**Input data**.
++++++++++++++++++++

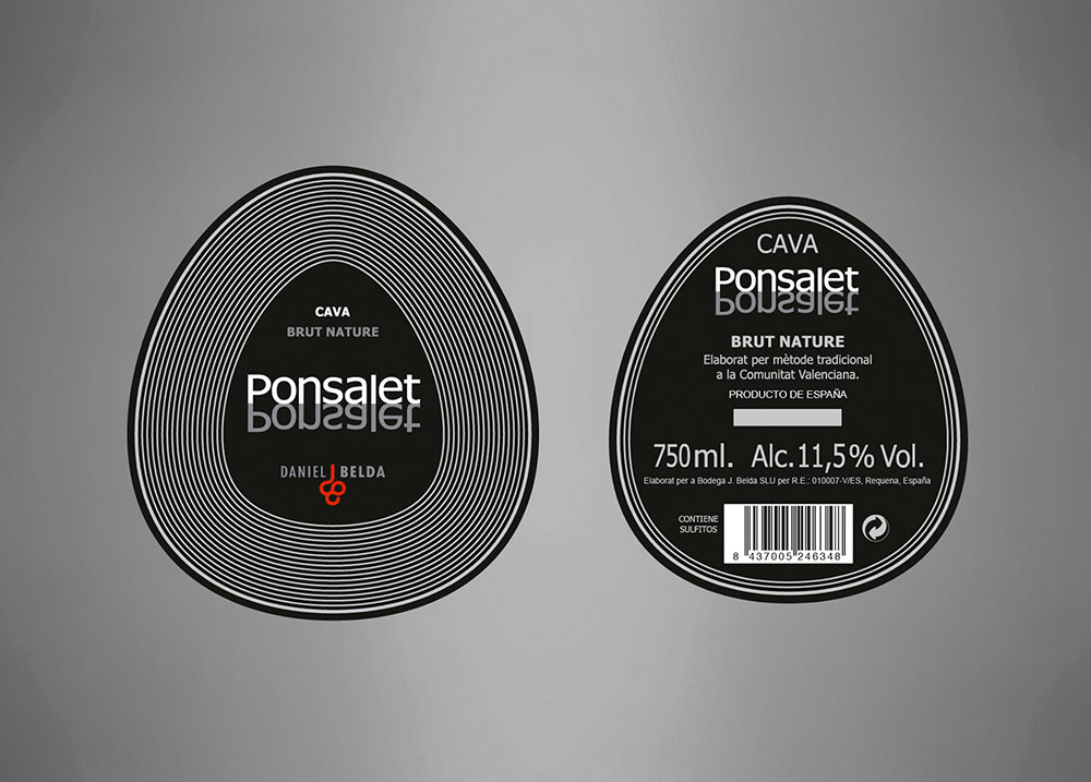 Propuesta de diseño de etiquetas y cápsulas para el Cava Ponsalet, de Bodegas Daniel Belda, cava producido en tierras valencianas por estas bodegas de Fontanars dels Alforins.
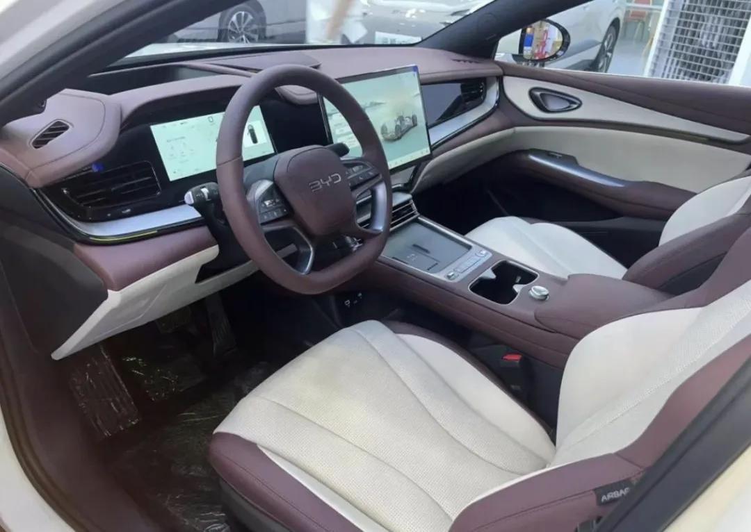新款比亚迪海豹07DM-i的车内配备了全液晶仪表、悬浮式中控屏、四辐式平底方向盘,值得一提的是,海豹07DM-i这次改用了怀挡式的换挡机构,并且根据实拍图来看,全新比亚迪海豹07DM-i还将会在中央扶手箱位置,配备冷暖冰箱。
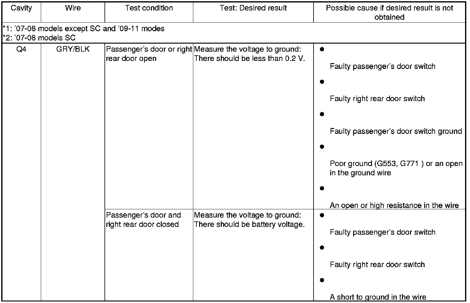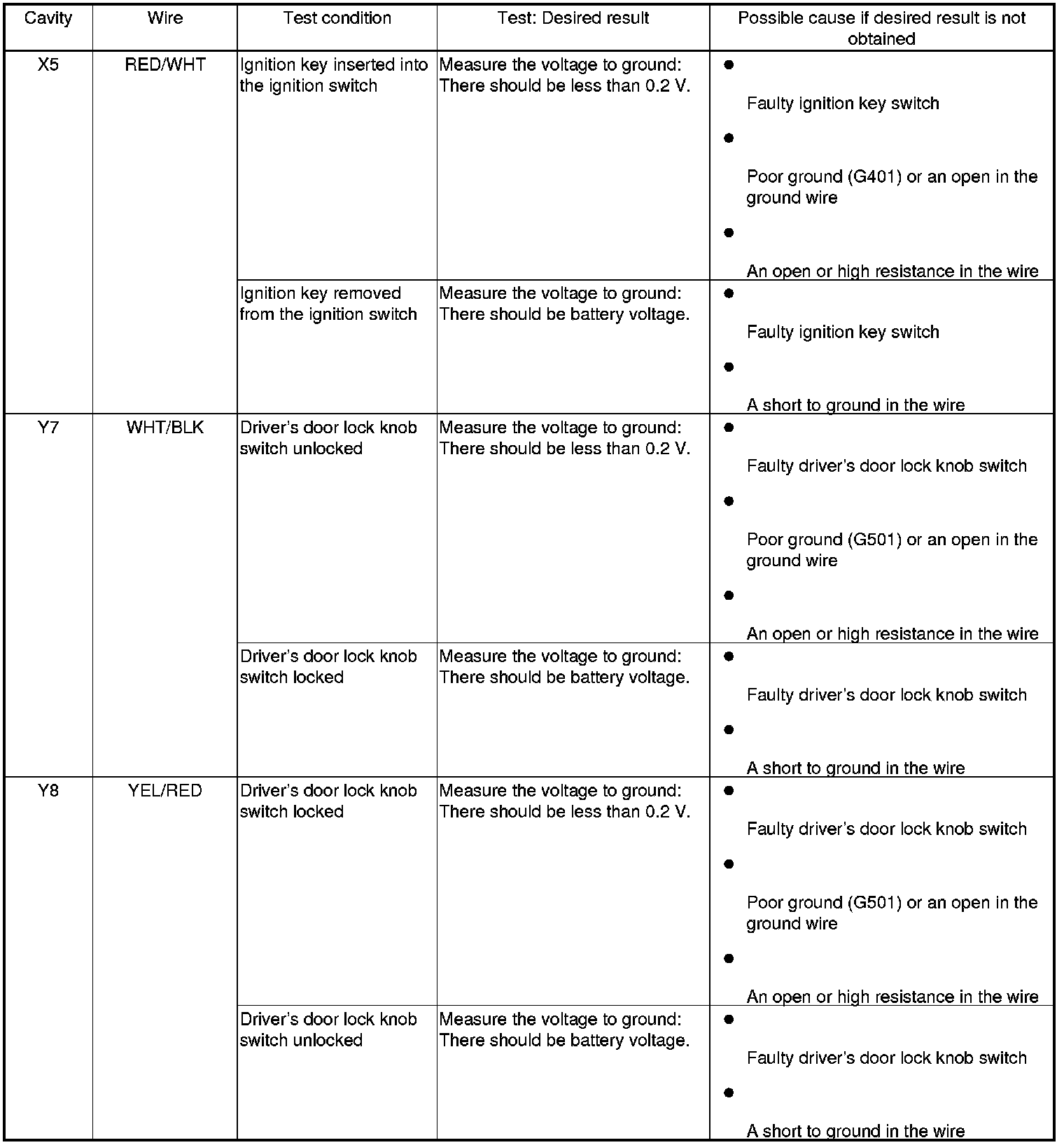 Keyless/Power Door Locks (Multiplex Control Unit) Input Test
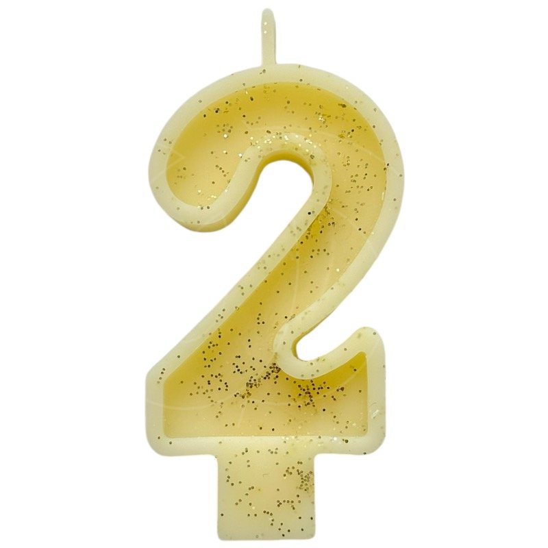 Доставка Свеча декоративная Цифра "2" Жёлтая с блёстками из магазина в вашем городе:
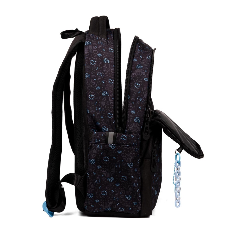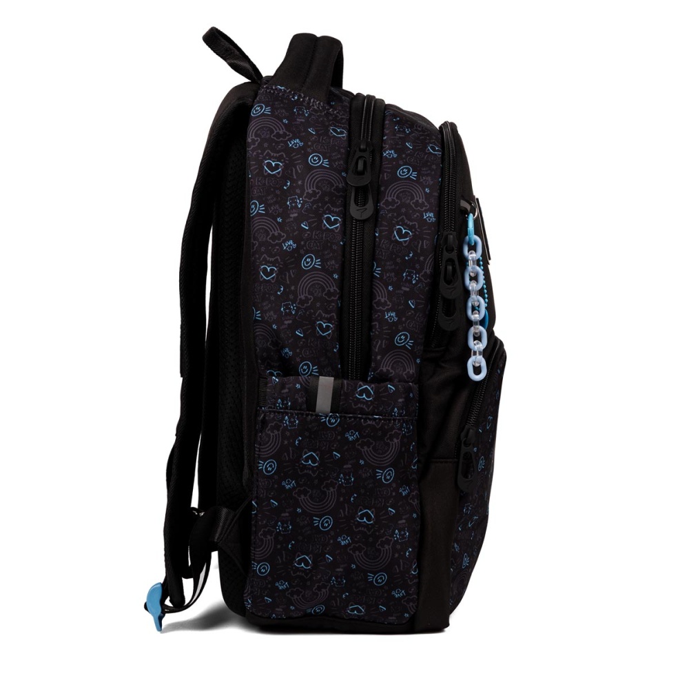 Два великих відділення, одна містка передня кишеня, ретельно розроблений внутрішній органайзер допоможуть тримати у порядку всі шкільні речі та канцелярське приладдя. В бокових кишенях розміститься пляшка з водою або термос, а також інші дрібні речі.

++++++++++++++++++++

**Task instructions**.
No image belongs in the copy. Transcribe the full listing verbatim.

**Response**.
 Propuesta de diseño de etiquetas y cápsulas para el Cava Ponsalet, de Bodegas Daniel Belda, cava producido en tierras valencianas por estas bodegas de Fontanars dels Alforins.
新款比亚迪海豹07DM-i的车内配备了全液晶仪表、悬浮式中控屏、四辐式平底方向盘,值得一提的是,海豹07DM-i这次改用了怀挡式的换挡机构,并且根据实拍图来看,全新比亚迪海豹07DM-i还将会在中央扶手箱位置,配备冷暖冰箱。
 Keyless/Power Door Locks (Multiplex Control Unit) Input Test
 Доставка Свеча декоративная Цифра "2" Жёлтая с блёстками из магазина в вашем городе:
 Два великих відділення, одна містка передня кишеня, ретельно розроблений внутрішній органайзер допоможуть тримати у порядку всі шкільні речі та канцелярське приладдя. В бокових кишенях розміститься пляшка з водою або термос, а також інші дрібні речі.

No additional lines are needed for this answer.